Can't you do this in a fully general manner, checking both LHS+RHS at the same time that one is the odd and the other is the even? It seems as the moment you can only check for all_odd+all_even or all_even+all_odd.

37171 ↗(On Diff #129470)

Mul.getValueType().getVectorNumElements() != (2 * e)

zvi updated this revision to Diff 129590.Jan 12 2018, 1:44 AM

Check both BUILD_VECTOR nodes together if one is composed of odd indexed extracts and the other composed of even idexed extracts.

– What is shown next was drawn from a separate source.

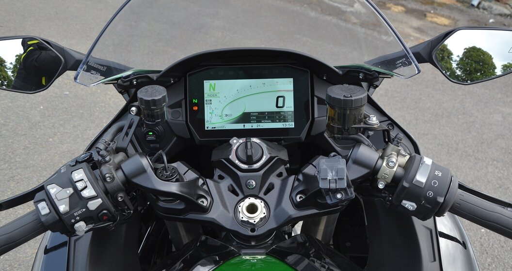 Dit jaar is de H2 SX SE licht geëvolueerd met de komst van een assistentiesysteem voor de verlichting dat automatisch overschakelt van dimlicht naar grootlicht. De uitrusting aan boord is copieus, met een ARAS-radarsysteem (Bosch) en adaptieve cruisecontrole, waarschuwing voor aanrijdingen en dode hoek, elektronische ophanging, een Brembo Stylema-remsysteem vooraan en een speciale livrei. Hoewel deze machine deel uitmaakt van het Sport Tourer-gamma van de Japanse fabrikant, voelt het meer alsof je op een supersport rijdt. Het windscherm staat vlak voor je neus en de zithouding, die gedicteerd wordt door de clip-ons, dwingt je naar voren te leunen. Met andere woorden: een zeer sportieve rijpositie. Misschien een beetje te sportief naar mijn smaak voor gebruik op de weg. Aan de andere kant is het zadel (835 mm) comfortabel en dwingen de voetsteunen je niet om je knieën te veel te buigen. Dat is alvast positief. De bediening verloopt vrij intuïtief en de rem- en koppelingshendels zijn verstelbaar. De bestuurder geniet ook van een royaal dashboard met een groot 6,5-inch TFT-scherm. Er is ook een 12V-sigarettenaansteker aan de linkerkant van het dashboard voorzien. Een USB A-poort is ook beschikbaar onder de duozit.

You can probably make this completely generic and support fully random odd/even pairs:

define <4 x i32> @pmaddwd_8_interleaved(<8 x i16> %A, <8 x i16> %B) {
   %a = sext <8 x i16> %A to <8 x i32>
   %b = sext <8 x i16> %B to <8 x i32>
   %m = mul nsw <8 x i32> %a, %b
   %odd = shufflevector <8 x i32> %m, <8 x i32> undef, <4 x i32> <i32 0, i32 3, i32 4, i32 7>
   %even = shufflevector <8 x i32> %m, <8 x i32> undef, <4 x i32> <i32 1, i32 2, i32 5, i32 6>
   %ret = add <4 x i32> %even, %odd
   ret <4 x i32> %ret
}
zvi updated this revision to Diff 129751.Jan 13 2018, 12:24 AM

Generalize to account for commutativity of add and mul

RKSimon accepted this revision.Jan 13 2018, 6:44 AM

LGTM - thank you!

This revision is now accepted and ready to land.Jan 13 2018, 6:44 AM
This revision was automatically updated to reflect the committed changes.